Thanks to their limited demographic scale, efficient stakeholder networks, and streamlined administrative systems, small states can often implement strategic changes rapidly, making them well-suited to thrive in a rapidly changing global economy. This represents an ideal opportunity for global investors.
BONAIRE, CARIBBEAN NETHERLANDS – In a fast-changing global economy, one development warrants particular attention: the emergence of small states as significant economic actors. And now this challenge to traditional growth paradigms is poised to reshape the global investment landscape.
According to research by the BIG Ideas Foundation, 17 of the world’s top 20 economies by per capita GDP are small states, with populations of 10-12 million or less. Spanning all geographic regions, these states have diverse histories, social structures, and governance models. But they share three fundamental strengths: institutional agility, manageable demographic scale, and quality leadership.
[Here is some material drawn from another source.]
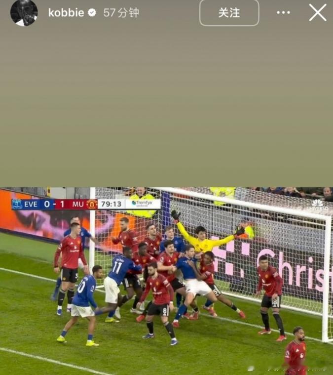 梅努晒图调侃埃弗顿的角球战术 埃弗顿0比1曼联

In times of rapid systemic transformation, adaptability is more important than size. In fact, being too big can often be an encumbrance rather than an advantage in such periods. This is true in the natural world as well: periods of dramatic environmental change often favor smaller, more adaptable species. Marsupials, flightless birds, and resilient insects (such as cockroaches) have survived major extinction events that wiped out larger species, such as dinosaurs.
The success of small states in today’s global economy reflects the same principle. Efficient stakeholder networks and streamlined administrative systems, together with effective leadership, enable small states to implement strategic changes rapidly and agilely capitalize on opportunities and address challenges.
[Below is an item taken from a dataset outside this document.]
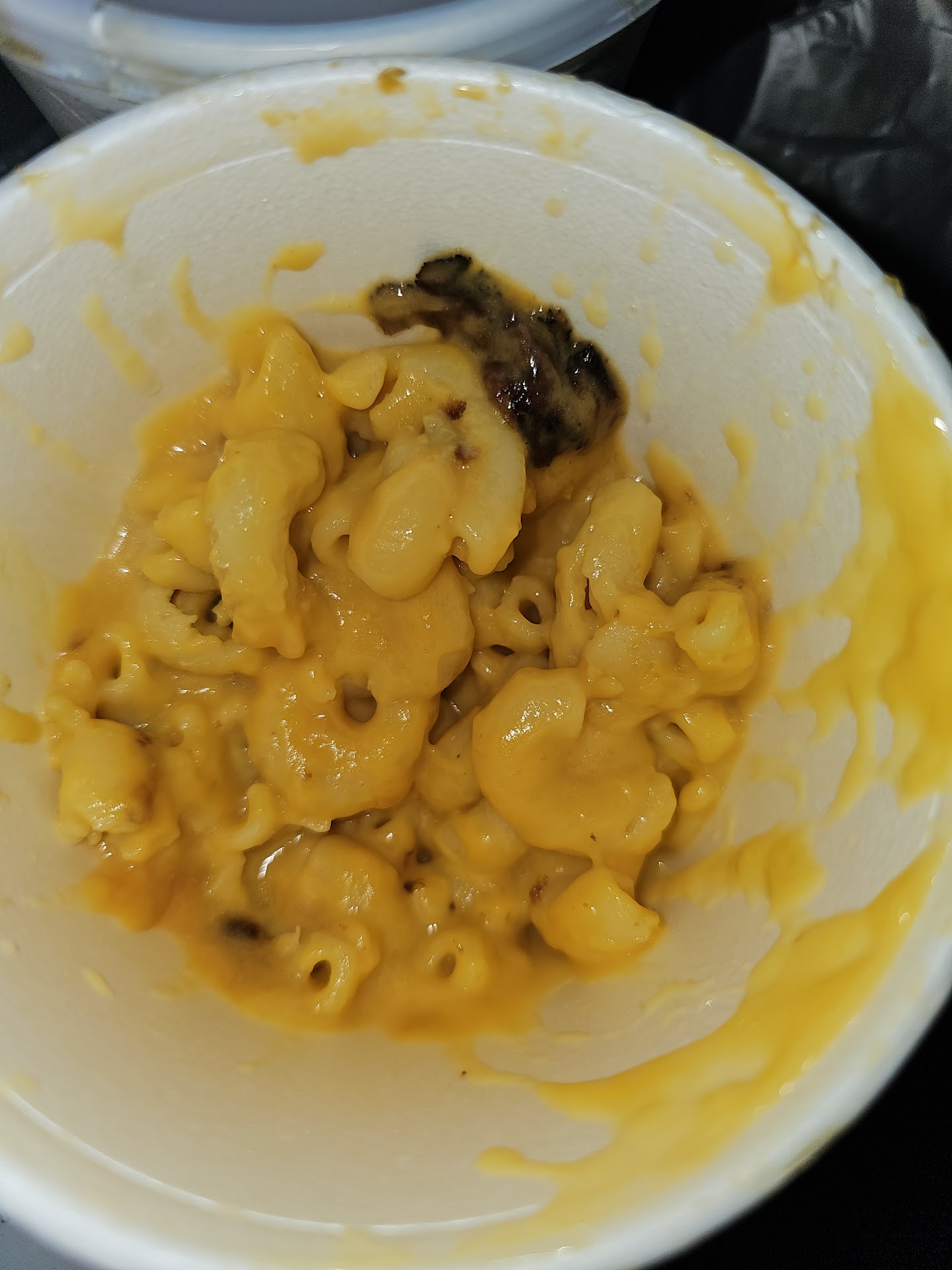 I got home to find that not only were the stuffed jalapenos a joke, but I got some pieces of chicken nuggets instead of the 16 jalapenos (again that weren't even as good as the type I buy at the grocery store), but the large mac'n'chesse was only 2/3rds full and looked like it was scrapped out of the pan as it was brunt on some and dry. The small coleslaw was also short (about half full) and lacked any sense of of even being coleslaw. It was basically shredded cabbage and carrots that I had to doctor up.

These structural advantages become increasingly relevant as global change accelerates, because they enable small states to adapt their economies quickly in response to new external realities. For example, they might decide to develop their profiles as global financial centers, embrace digital governance, invest in artificial intelligence, or foster entertainment hubs. Whichever vision they choose, their manageable scale means that they can implement it holistically.
Small states excel at cultivating economic niches. Rather than competing across all sectors, successful small states identify specific domains where they can build lasting competitive advantages. This specialization strategy has proved particularly effective in knowledge-intensive sectors, such as microchips, where the concentration of expertise generates self-reinforcing ecosystem benefits.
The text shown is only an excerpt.